There is a similar thread on the Insider board that has gone a remarkably different direction.
One hypothetical in this thread is we need to throw money at the football program. If it was simply that easy. For all the criticism leveled in this board at Knowlton, one is not his ability to fundraise and get money to the football program. There have been several large recent donations, another on the way, a substantial increase in the restricted football fund, the football field has new naming rights for over $17 million, and a decision that a good portion of the football revenue formally used to pay debt service is no longer required for that purpose. Sure there are teams in the SEC throwing around bigger coin, but Cal is playing programs in the Pac 12, and the Nevadas and the TCUs of the world, and if it purely a dollars game, it is not reflected in the team's record so far. Cal may evolving from doing more with less, to doing less with more if the season doesn't turn around for the Travers Family Director of Football and company.
Another is that somehow privates like Furd and SC lean on the faculty better than publics to pass on dumb players. I'm not sure how to even begin to address this notion when you talk about a school like Furd, where the average undergrad GPA is above 3.7, you are not allowed to get a D in a course, there is no academic attrition, and candidly, with close to 1 out of 7 undergrads being athletes, the school's reputation doesn't seem to be suffering.
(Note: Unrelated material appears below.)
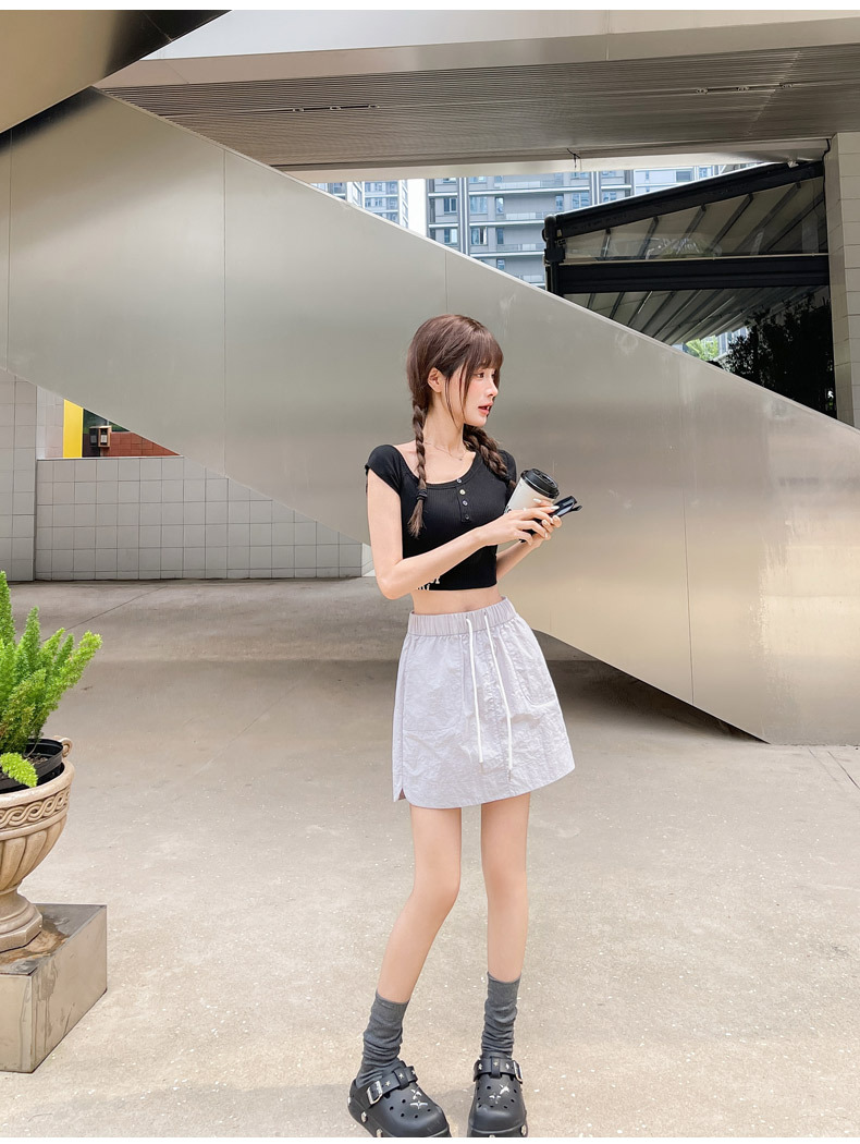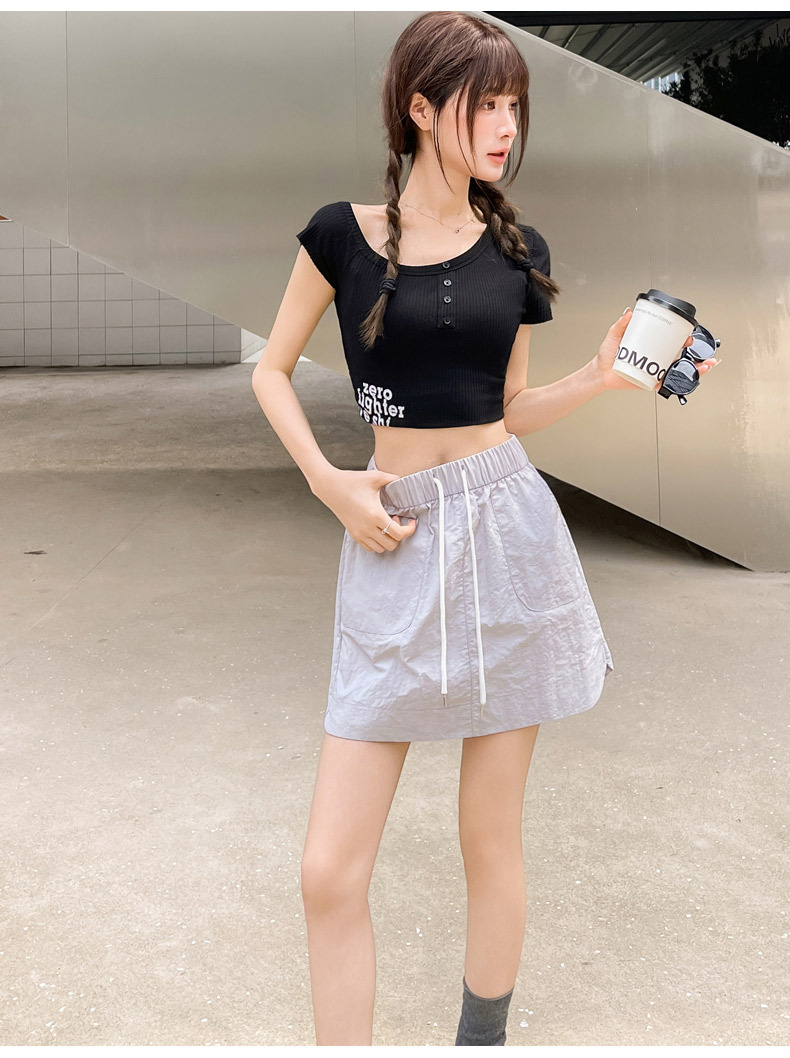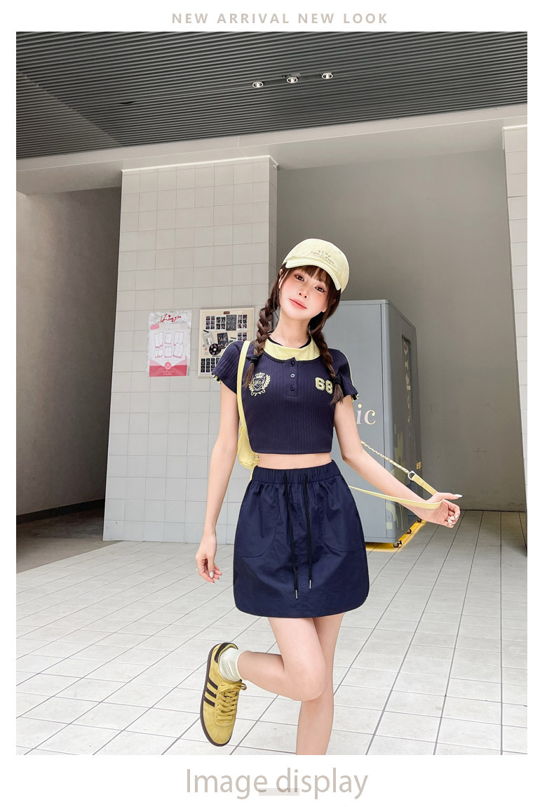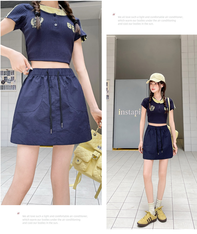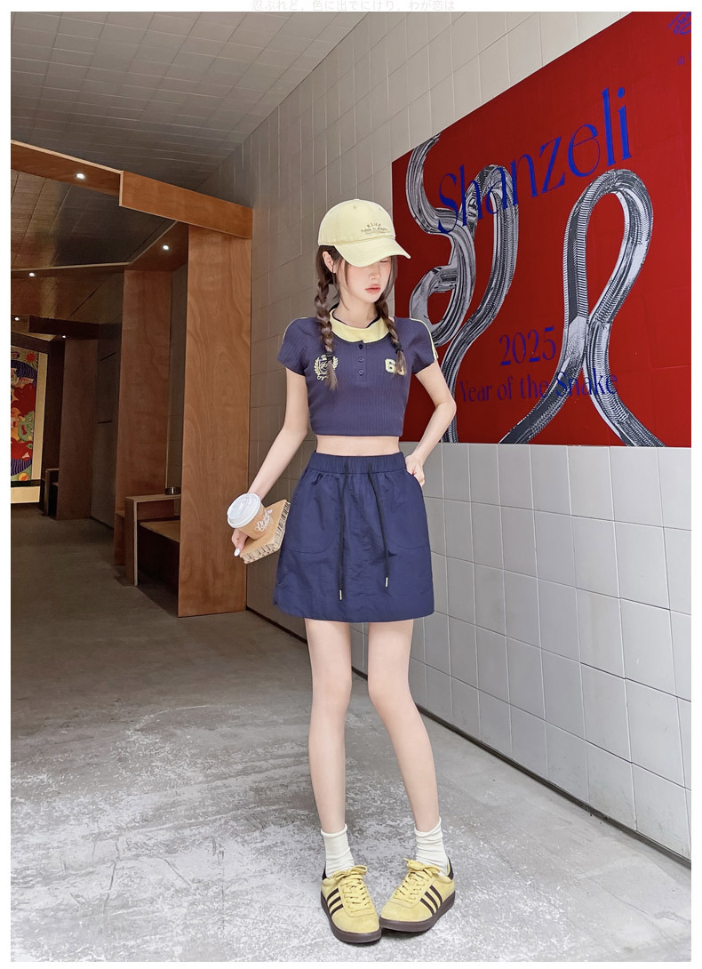 2025 대학 스타일 네이비 블루 울트라 쇼트 핫 소녀 노출 방지 속건성 A 라인 신축성있는 허리 캐주얼 스커트 여성용스토어 가기

The least of USC's problems right now would be if student-athletes were getting preferential treatment. In any event, the top teams in the football in both divisions happen to be public schools. SC's program is grossly underperforming and Furd has been pretty mediocre as of late. This seems like whining, rather than a substantive argument.
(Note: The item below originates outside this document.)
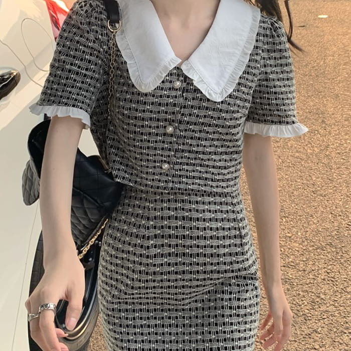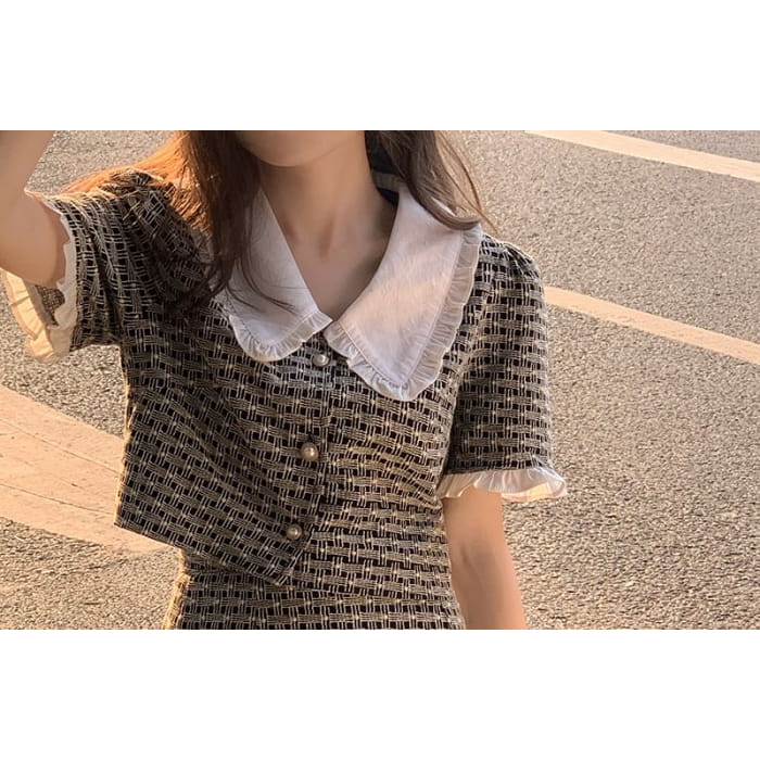 Short-Sleeve Contrast Collar Ruffle Panel Faux Pearl Button Top / High Waist Mini Pencil Skirt

But the OP makes some interesting points. You need a HOF QB. Maybe not all of that, but Furd's recent glory years came under two NFL QBs, Luck and Hogan. Oregon hit the playoffs with Mariota. Examine who was QB during USC's most recent Rose Bowl visits. Invest those bucks in a great QB coach and recruiter. Sounds a lot like a young Jeff Tedford
Another comment is that being mediocre doesn't cut it, and the better program pulls the plug quickly when the program underperforms. I'm not sure that aquatics really fits the definition of chaining coaches. Let's look at football. Helfrich was a great OC, an all around great guy, and with a great QB got his team to the NCAA championship game. But his last two years at Oregon his teams had some horrible games, and in has fourth and final season went 4-8, and was gone. Several coaches later, maybe Oregon has caught lighting in a bottle with Cristobal. Maybe. SC takes the same approach. They are a total sheet show, but at some point maybe they get it right. Don't hold your breath I'm not sure this strategy really works in Pac football. The top Pac coaches in everyone's polls are Whitt and Shaw, and they have had pretty mediocre results as of late. I don't see them getting fired.
Let's face it, without structural change the Pac is not going to compete win football on a national basis. Simply not sufficient talent being attracted, not to mention fan interest. What works elsewhere may not apply in the Pac conference. The strangeness of Pac football is the top Pac programs over the last 10 years are Oregon and Stanford, which could not be opposite in approach. I'm not sure what it is Cal needs to succeed, other than a NFL QB, but Cal probably should look at what Cal does well and try to exploit that. I think that was Wilcox's approach, but something may have been lost in the execution. We shall see.